Whom did Paulson appoint to run the financial bailout? Neel Kashkari, a former investment banker at, um, Goldman Sachs. Kashkari, nicknamed Cash-n-Carry by some, was an aerospace engineer whose specialty at Goldman was raising funds and arranging mergers for high-tech firms; his previous job was with TRW, where heworked, among other things, on space telescopes. In other words, his main qualification for running the $700 billion program seems to have been his previous employment at Goldman Sachs.
But, as they say on TV, that’s not all. Paulson has predecessors. Bill Clinton’s Treasury Secretary, Robert Rubin, is a former Goldman co-chair. Bush’s chief of staff and his director of the Commodity Futures Trading Commission were both Goldman alums. And, back in January, Treasury Secretary Tim Geithner appointed as his chief of staff a former lobbyist for Goldman—the very same day he issued rules restricting the role of lobbyists at the Treasury.
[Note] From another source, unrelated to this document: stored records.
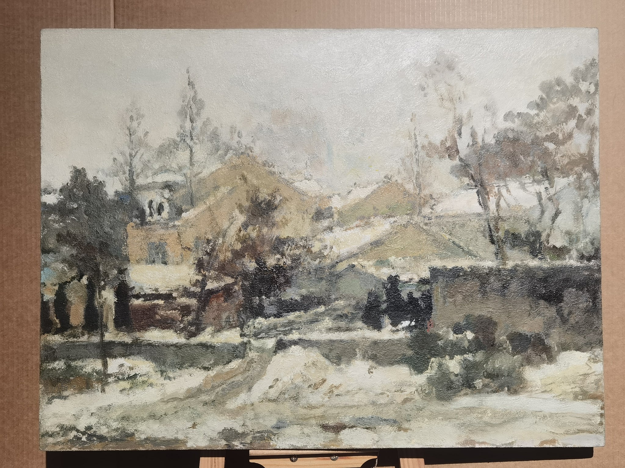 The painting reflects an Impressionistic sensibility, emphasizing natural light and the subtle shifts of color in snow-covered landscapes. Hu’s technique balances detail with softness, echoing the influence of French Impressionists who sought to capture fleeting moments in nature. The work also aligns with contemporary explorations of European rural scenes by Chinese artists.
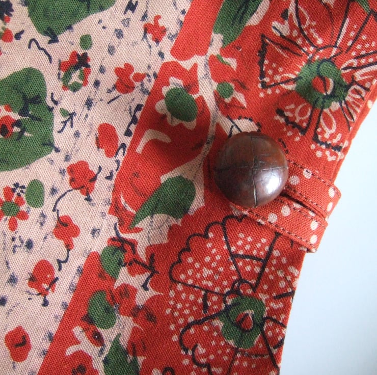 Deep breath, and smell the patchouli oil. This across your body bag is made from a lovely vintage Indian hand blocked print. So reminiscent of the 1970s, and being re-loved again today, for its use of colour and craftsmanship.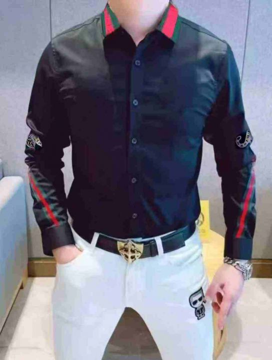 拼色长袖男潮牌撞色印花衬衣精神小伙韩版潮流秋季气质衬衫,独立包装原吊牌,单款两色,码数S-XL,数量869件,分货加1,货号928#95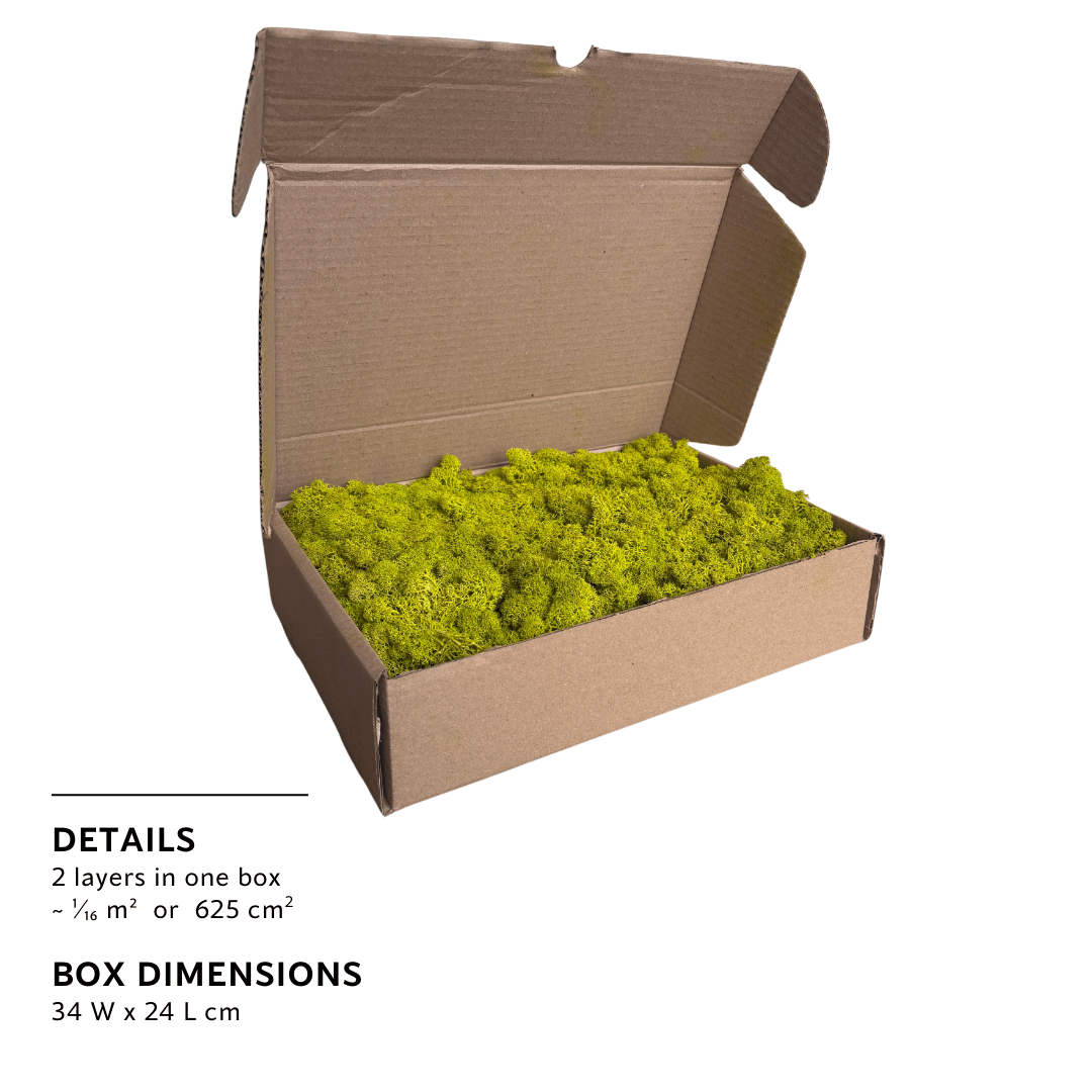 Add whimsical, branching drama to your designs with Reindeer Moss, real moss meticulously preserved for a soft, antler-like allure. Select from lime green, light green, olive green, or forest green; the compact box (34cm L x 24cm W) covers 625 square centimeters, packing punchy style into every project.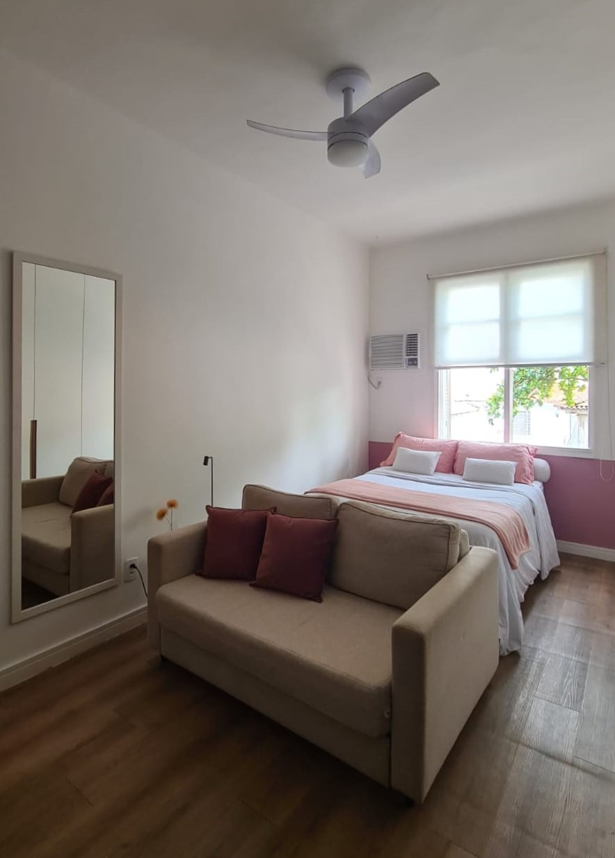 A safe place with a 24-hour concierge to welcome you! 30 sq. meters with kitchen, bedroom with king size bed, living room with double size sofa bed and bathroom REFURBISHED SEPTEMBER 24 The apartment was all designed to welcome you and make you feel at home in Rio de Janeiro. Cozy and welcoming space, it is super well equipped and is just steps from tourist spots such as Ipanema Beach, Leblon Beach, Lagoa Rodrigo de Freitas and Arpoador. Located between bus stop 10 (Ipanema) and bus stop 11 (Leblon)

Geithner, the former president of the Federal Reserve Bank of New York, is very close to one of his predecessors at the New York Fed, Gerald Corrigan, who is now employed by…Goldman.
Is there a pattern here?
Now, to be fair, if only for a moment. All the government connections aren’t Goldman’s fault; they’re very smart and self-interested, and if the opportunity of “public service” comes along, why shouldn’t they take it? The problem is with the officials making the appointments. And to extend the moment of fairness: one of the major reasons for AIG’s crisis was that it insured a boatload of exotic investment products that were supposed to be solid but went very sour. So bailing out AIG meant that government had to make good on the promises that the firm itself couldn’t keep. That’s the reason for the big payments to Goldman, among others.
End of moment of fairness.
Goldman itself didn’t fully trust AIG, so it bought other forms of insurance as a backstop, meaning that Goldman’s actual exposure to an AIG collapse was slim to none. But it got the full $13 billion anyway. Don’t private insurers try to find any excuse not to pay off a claim? Liddy certainly did when he ran Allstate, which he did between 1995 and 2006. Most notoriously, Liddy and Allstate got famous around New Orleans for evading payments to their customers whose houses and cars were wrecked by Hurricane Katrina. And these were people with no other options. They were in no position to say, “Hey, I don’t trust Allstate, so I better hedge myself.”
But there is hope. Obama is reportedly thinking of replacing Neel Cash-n-Carry as head of the bailout with a new guy. He’s from Merrill Lynch. That’s diversity, Obama-style.